## How to complete this task
Set down, word for word, the line with "这是一个浮躁的时代,也是一个" and the lines after it through the final line of the data below, without pictures.

## Stored records
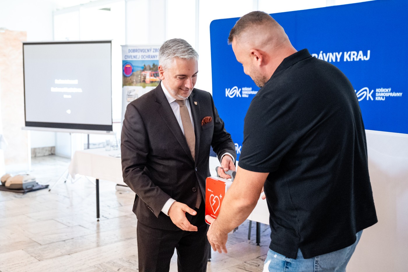 Po vyhodnotení všetkých žiadostí a podmienok sme dostali zoznam 22 obcí, ktoré splnili kritéria pre získanie defibrilátora. V roku 2025 sme mohli týmto život zachraňujúcim prístrojom podporiť nasledujúce obce : Gemerská Panica, Silica, Rakovnica, Rudná, Roštár, Nižná Slaná, Odorín, Matejovce nad Hornádom, Žakarovce, Rešica, Sokoľ, Budimír, Košická Polianka, Bohdanovce, Tušická Nová Ves, Ptrukša, Vyšný Medzev, Markušovce, Ochtiná, Skároš, Ďurďošík a Kluknava. Okrem samotného defibrilátora obdržali samosprávy aj skrinku na externé uloženie AED a tabuľu. Veľkou výhodou je, že novodistribuované AED majú viaceré jazykové mutácie, ktoré sú pridanou hodnotou pri samotnom použití, navyše defibrilátori sú určené ako pre dospelých tak pre deti. Súčasťou odovzdania AED bolo aj odborné zaškolenie pri odovzdávaní, ktoré previedlo zástupcov dobrovoľných hasičských zborov obcí a samospráv celým procesom používania prístroja. Po skúsenostiach z minulého roka kedy vieme, že AED niesú len bezvýznamná skrinka, ale prístroj, ktorý už viackrát v kraji zachránil život. Sme preto veľmi, že sa nám podarilo do územia dostať viac týchto život zachraňujúcich prístrojov.
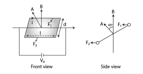 to a constant voltage source Vo. The loop is placed in uniform a magnetic field B at 45oto its plane. Find τ, the torque exerted by the magnetic field on the loop
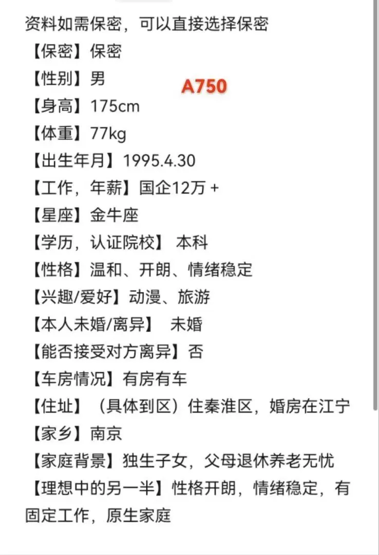 这是一个浮躁的时代,也是一个认识人成本极低的时代,无效的人和事占据太多的时间,骗子、约炮、理财销售等等让我们产生焦虑、内耗,为了帮助大家节约时间,相亲宝公众号发帖人不公布联系方式,我们红娘负责过滤一些不靠谱的人,专门进行验证,核实。提示大家:相亲急切的心情可以理解,但相亲过程中不要有任何金钱往来,切记切记。精准一对一推荐介绍,唯一线下门店地址:秦淮区大行宫长安国际2307。
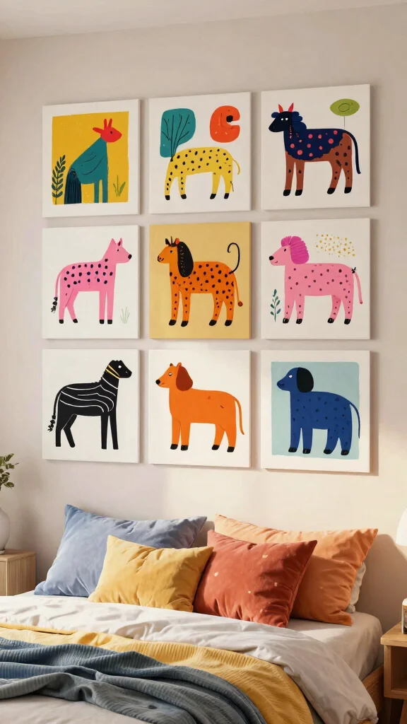 Adding whimsical art to your bedroom creates a joyful escape, establishing a cozy retreat from the everyday hustle.
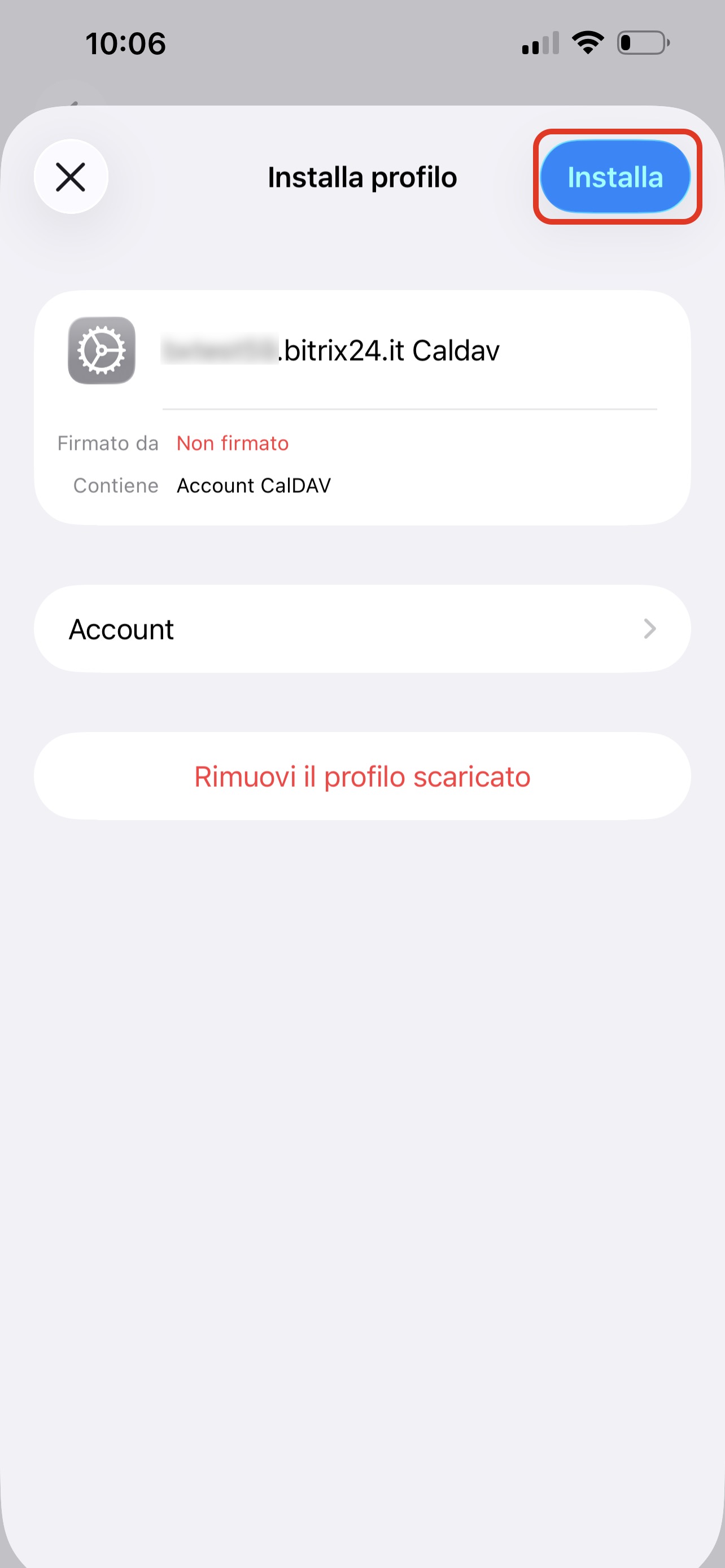 Premi Installa nell’angolo in alto a destra e segui le istruzioni sullo schermo. Dopo l’installazione del profilo, gli eventi di Bitrix24 appariranno nel calendario del telefono e viceversa.
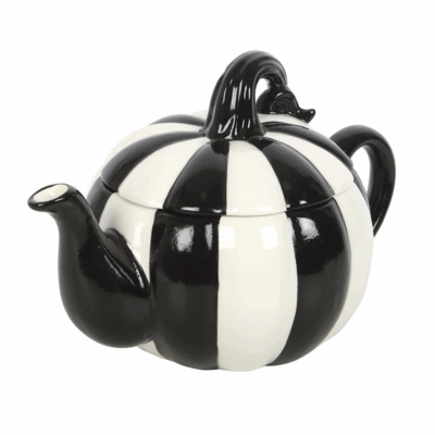 Serve tea with a touch of the extraordinary using this black and white striped pumpkin teapot. Its spooky yet elegant design makes it a perfect choice for Halloween gatherings or quiet evenings with a unique twist. Pair it with a matching mug for a truly distinctive set that’s sure to stand out in any kitchen. 500ml capacity. Food safe. Hand wash only. Do not microwave.
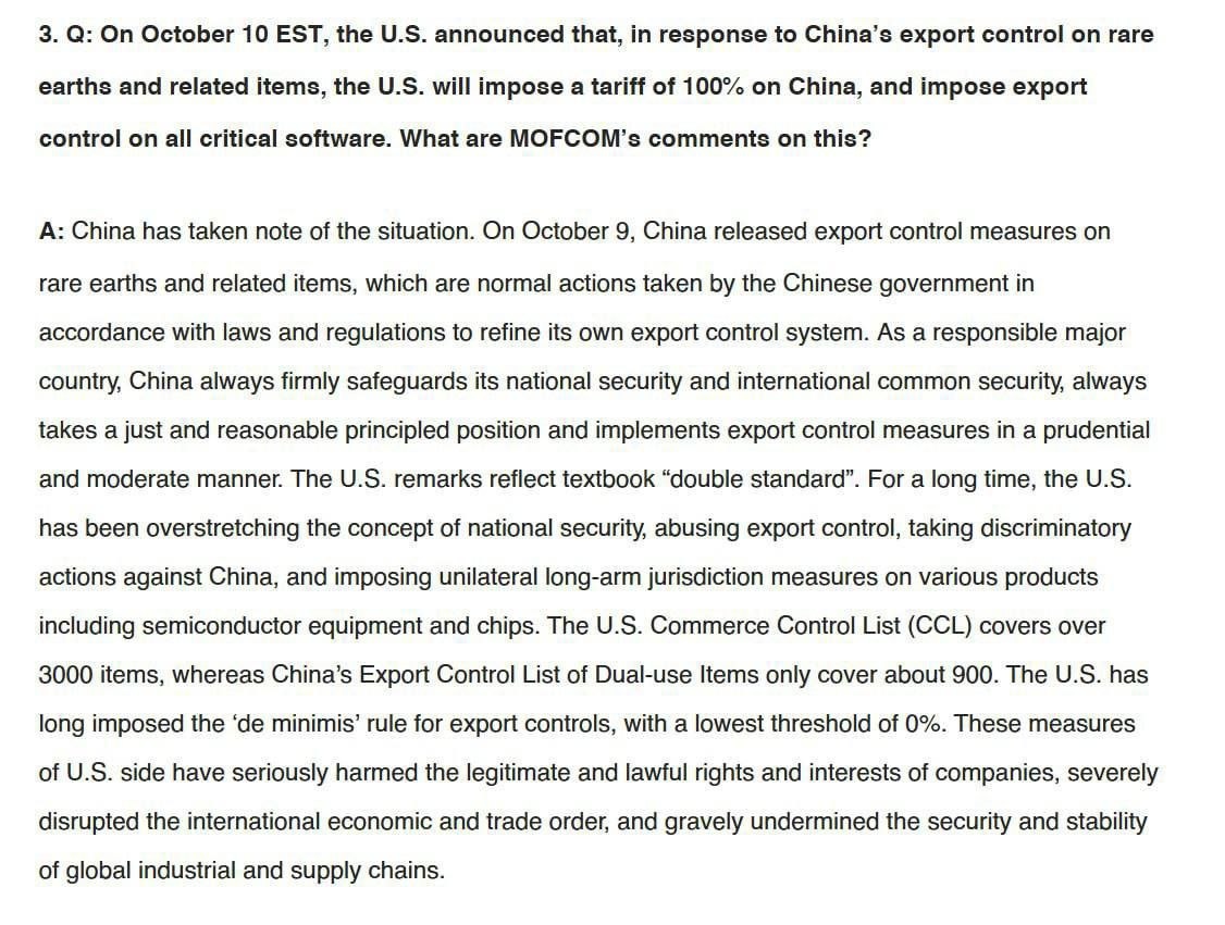 Министерство торговли КНР заявило, что Китай ответит в случае, если Трамп введет 100% пошлины В официальном заявлении, говорится о том что Китай осуждает решение Америки, считая его отражением "двойных стандартов". "Угрозы введения высоких пошлин на каждом шагу – неправильный способ взаимодействия с Китаем. Если США продолжат следовать своим курсом, мы решительно примем соответствующие меры для защиты своих законных прав и интересов", - заявили в министерстве торговли КНР. Кроме того, в заявлении министерства говорится, что после переговоров в Мадриде (где было заключено «торговое перемирие» между двумя странами) США "постоянно вводили новые ограничения против Китая", включая внесение в черный список китайских компаний. "США долгое время расширяли понятие национальной безопасности, злоупотребляли экспортным контролем, принимали дискриминационные меры против Китая и вводили односторонние меры юрисдикции «длинной руки» в отношении различных товаров, включая полупроводниковое оборудо

## Completed task
 这是一个浮躁的时代,也是一个认识人成本极低的时代,无效的人和事占据太多的时间,骗子、约炮、理财销售等等让我们产生焦虑、内耗,为了帮助大家节约时间,相亲宝公众号发帖人不公布联系方式,我们红娘负责过滤一些不靠谱的人,专门进行验证,核实。提示大家:相亲急切的心情可以理解,但相亲过程中不要有任何金钱往来,切记切记。精准一对一推荐介绍,唯一线下门店地址:秦淮区大行宫长安国际2307。
 Adding whimsical art to your bedroom creates a joyful escape, establishing a cozy retreat from the everyday hustle.
 Premi Installa nell’angolo in alto a destra e segui le istruzioni sullo schermo. Dopo l’installazione del profilo, gli eventi di Bitrix24 appariranno nel calendario del telefono e viceversa.
 Serve tea with a touch of the extraordinary using this black and white striped pumpkin teapot. Its spooky yet elegant design makes it a perfect choice for Halloween gatherings or quiet evenings with a unique twist. Pair it with a matching mug for a truly distinctive set that’s sure to stand out in any kitchen. 500ml capacity. Food safe. Hand wash only. Do not microwave.
 Министерство торговли КНР заявило, что Китай ответит в случае, если Трамп введет 100% пошлины В официальном заявлении, говорится о том что Китай осуждает решение Америки, считая его отражением "двойных стандартов". "Угрозы введения высоких пошлин на каждом шагу – неправильный способ взаимодействия с Китаем. Если США продолжат следовать своим курсом, мы решительно примем соответствующие меры для защиты своих законных прав и интересов", - заявили в министерстве торговли КНР. Кроме того, в заявлении министерства говорится, что после переговоров в Мадриде (где было заключено «торговое перемирие» между двумя странами) США "постоянно вводили новые ограничения против Китая", включая внесение в черный список китайских компаний. "США долгое время расширяли понятие национальной безопасности, злоупотребляли экспортным контролем, принимали дискриминационные меры против Китая и вводили односторонние меры юрисдикции «длинной руки» в отношении различных товаров, включая полупроводниковое оборудо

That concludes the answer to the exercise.